Ростик вынужден был отмахнуться.

– Давай не будем, а?

Достальский смотрел на Ростика удивленно и чуть внимательнее, чем обычно.

– Неужели не обидно?

Ростик, которому по странному стечению обстоятельств обидно не было, тем не менее, когда его вот так, в лоб, спрашивали, обычно понимал, что нечто в глубине души, конечно, царапает. Но это было еще не созревшее ощущение, и сейчас не время было его высказывать. И говорить о нем следовало потом.

Объяснить это Достальскому было сложно, да Ростик и не пытался. Он лишь смеялся и объяснял, что Ширы его считают героем, прикомандировали к нему лучшую бригаду – строят новый дом, чего же ему больше-то?

– Да, да, – рассеянно, даже расстроенно говорил Достальский. – Так обычно у нас и бывает, человека Ширы считают победителем, а собственное начальство…

– Ты лучше подумай, может, ты бы тоже давно майора получил, если бы они не хотели проблему с моим награждением обострять? Выходит, я тебе тоже мешаю.

– Ты им мешаешь, – признавал наконец Достальский. – Вот еще бы понять – где, в чем, каким образом?

– Придет пора, сочтемся этими глупыми наградами. Может, в следующей войне.

– Думаешь, будет? – спрашивал новоиспеченный майор Достальский.

– Конечно, – стараясь выглядеть беспечным, отвечал Ростик. – Хорошо бы знать – где и с кем?

Произнося эти слова, он и не подозревал, что практически уже знает, и где, и с кем. Вот только не отдает себе в том отчета. Впрочем, до момента, когда это знание должно было стать явным, оставались считаные дни.

Часть четвертая

Черные треугольники

Глава 19

Ростик проснулся от кошмара. Небо около него было близким, словно он летел в кабине гравилета, только не мог понять, с кем и куда. Стеклянный колпак защищал его от ветра, но он понимал, что по ту сторону очень хрупкого корпуса на машину давит и воздух, и… что-то еще. Он всмотрелся в это «что-то» и увидел огромные, черные как смоль, тяжелые, летящие с хищно опущенными головами треугольные машины.

И вроде бы они были уже не вполне машины, а являлись чем-то наполовину живым, что могло не только убивать и захватывать, но и презирать, и ненавидеть, и вызывать такую же ненависть. Это были машины, но это было и тавро рабства, знак неполноценности, чужое орудие полной остановки развития человечества, отказ для каждого из них от жизни по своей воле.

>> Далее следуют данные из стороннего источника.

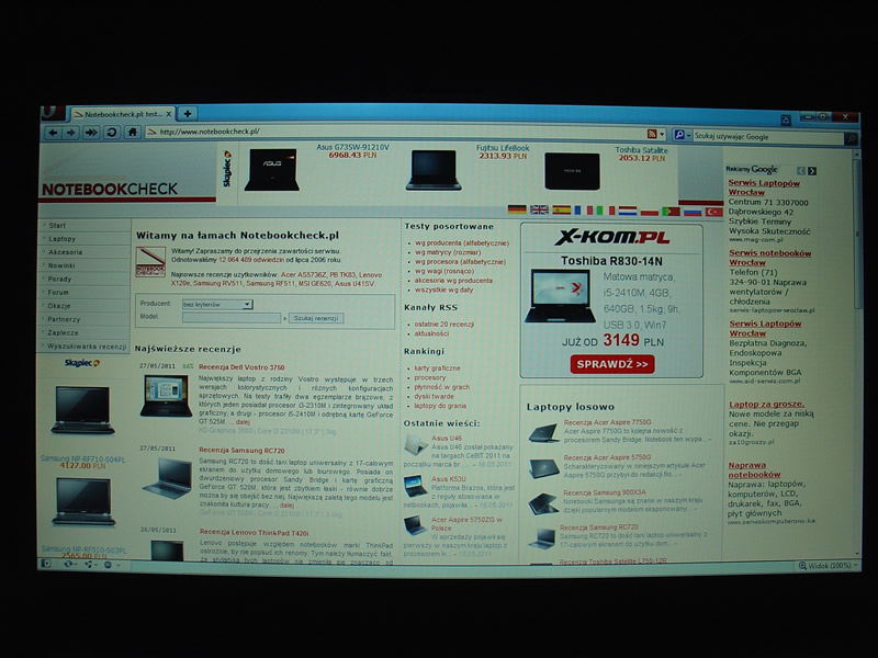 Jak widać na poniższych wykresach, zbieżność kolorów z podstawową paletą RGB nie jest zadowalająca i wymaga kalibracji. Niezadowolenie budzi też nierównomierność podświetlenia ekranu; różnica między środkową częścią a lewym górnym rogiem to prawie 50 cd/m². Pozytywem jest natomiast zakres przestrzeni barw, przewyższający znacznie to, co oferują matryce instalowane w droższych laptopach (np. w MSI GE620). Nieźle prezentują się także szerokie jak na tę klasę laptopa kąty widzenia, które standardowo cechują się znacznie większym zakresem w poziomie niż w pionie.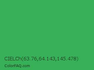 CIELCh 63.76,64.143,145.478 Color is a normal green color and the nearest color is Chateau Green #40a860. Hex code #36b056 and RGB value is rgb(54,176,86). In RGB color space, this color is composed of 21% red, 69% green, 34% blue, In CMYK color space, this color is composed of 69% cyan, 0% magenta, 51% yellow , 31% black , In HSL color space, this color has a hue angle of 136° , 53% saturation and 45% lightness.
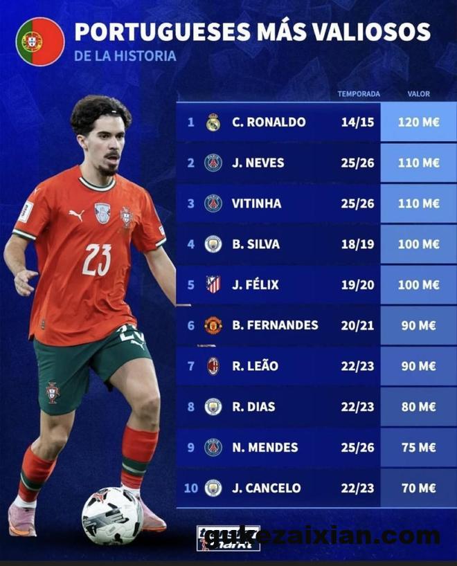 最近德国转会市场整理了“历史身价最高的葡萄牙球员”这份榜单,C罗和菲利克斯这些名字都在里面。最有意思的点不在“谁上过巅峰”,而在同一份表里把“当时身价最高值”和“现在身价”并排放出来之后,落差一下就出来了:有人从顶点回撤得很狠,也有人几乎没怎么掉。把这两列数字对照着看,谁的高位更稳、谁的峰值更像一阵冲高,这张表本身就把矛盾摆在台面上了。

И, как это почти всегда бывает в Полдневье, черные треугольники несли гибель, разрушения, смерть… Смерть тяжелую, беспросветную, но при этом и почему-то не страшную, ну, в общем, не слишком страшную. Или, может, Ростик уже столько воевал, что разучился бояться смерти?

А бояться он научился чего-то другого – отступления, измены, неожиданного удара из-за угла, когда ничего нельзя сделать. И конечно, больше всего научился страшиться гибели родных и самых близких друзей, страшиться самого страха… Да, в этом треугольнике застыл тот страх, который знаком каждому солдату и который на самом деле куда пронзительнее и сильнее, чем у тех людей, которые не воевали, – ведь для того, чтобы научиться бояться по-настоящему, тоже нужна практика.

Вот на этом он и проснулся. Пот заливал лицо и голое плечо, на котором он лежал подбородком. Любаня в смешной, очень женской и непрактичной ночнушке спала в дальнем конце кровати. Она в последнее время старалась держаться от него подальше. Он заметил это, но пока не подал вида, наступит время – сама скажет, что с ней происходит, если захочет. Кажется, у нее такое было, когда она ждала Ромку.

Поднялся, вдохнул свежего воздуха. Да, умеют эти трехногие строить – в его спальне, несмотря на внешнее отсутствие вентиляции, было прохладно, свежо и легко дышалось. А вот зимой, скорее всего, будет иначе – уютно и не холодно.

Он подошел к Ромке. Тот почему-то тоже лежал, не думая спать, смотрел, поблескивая в полумраке очень светлыми даже для Гриневых глазенками. Рост взял его на руки, пригладил взъерошенные вихры. И почему у детей после сна волосенки всегда так заламываются? Стоп, он, должно быть, совсем плох. Не понимает, что видит его… Значит, уже наступило утро, и на четверть открытый световой люк в крыше дает такой вот призрачный свет.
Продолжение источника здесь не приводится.